Estimation of HIV Prevalence and Covariance Within High-Risk Groups with Bayesian Hierarchical Modeling (304776)

*Amy Xiang Zhang, Penn State University 
Le Bao, Penn State University 

Keywords: Bayesian hierarchical modeling, covariance estimation, semiparametric modeling, HIV

HIV/AIDS prevalence has decreased dramatically for most countries since the initial outbreak of the epidemic 30 years ago. However, certain populations, such as female sex workers, their clients, and intravenous drug users are rarely directly included in countries’ response to the HIV/AIDS epidemic, leading to disproportionately high prevalence of HIV/AIDS among these high risk groups.
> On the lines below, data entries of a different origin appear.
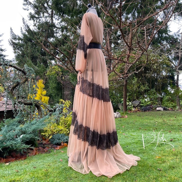 This gown is made with a sheer soft nylon chiffon, for a vintage look and feel. Sleeves, body, and gathered skirt are embellished with a soft delicate row of lace. It may be worn with or without the black satin sash. End of sleeves is gathered and secured with a same-fabric tie, and is adjustable.
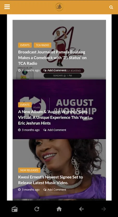 The users of TCA RADIO App will have the priviledge of following and listening to some of the most influencial gospel artists and get blessed by their ministrations.
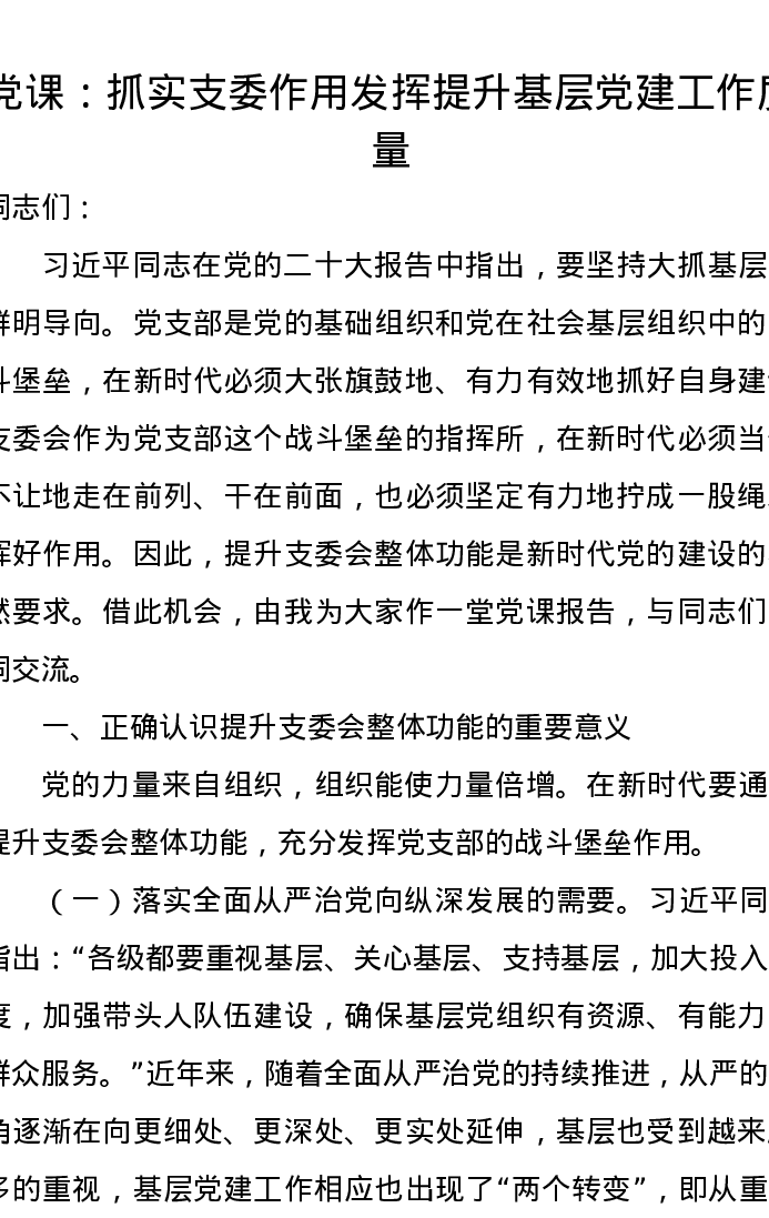 党课讲稿:抓实支委作用发挥提升基层党建工作质量

Moreover, data on these groups are often sparse due to their hard-to-reach nature. To improve estimation of HIV prevalence among high risk groups, we propose a semiparametric Bayesian hierarchical model, which will efficiently pool information together across the risk groups and allow for better estimation of HIV prevalence within risk groups with scarce data. We also estimate the covariance of prevalence across groups. This is a preliminary investigation and we will incorporate the final proposed model in Spectrum/EPP, a software that has been used by 163 countries to produce the 2015 estimates of HIV and HIV-related indicators.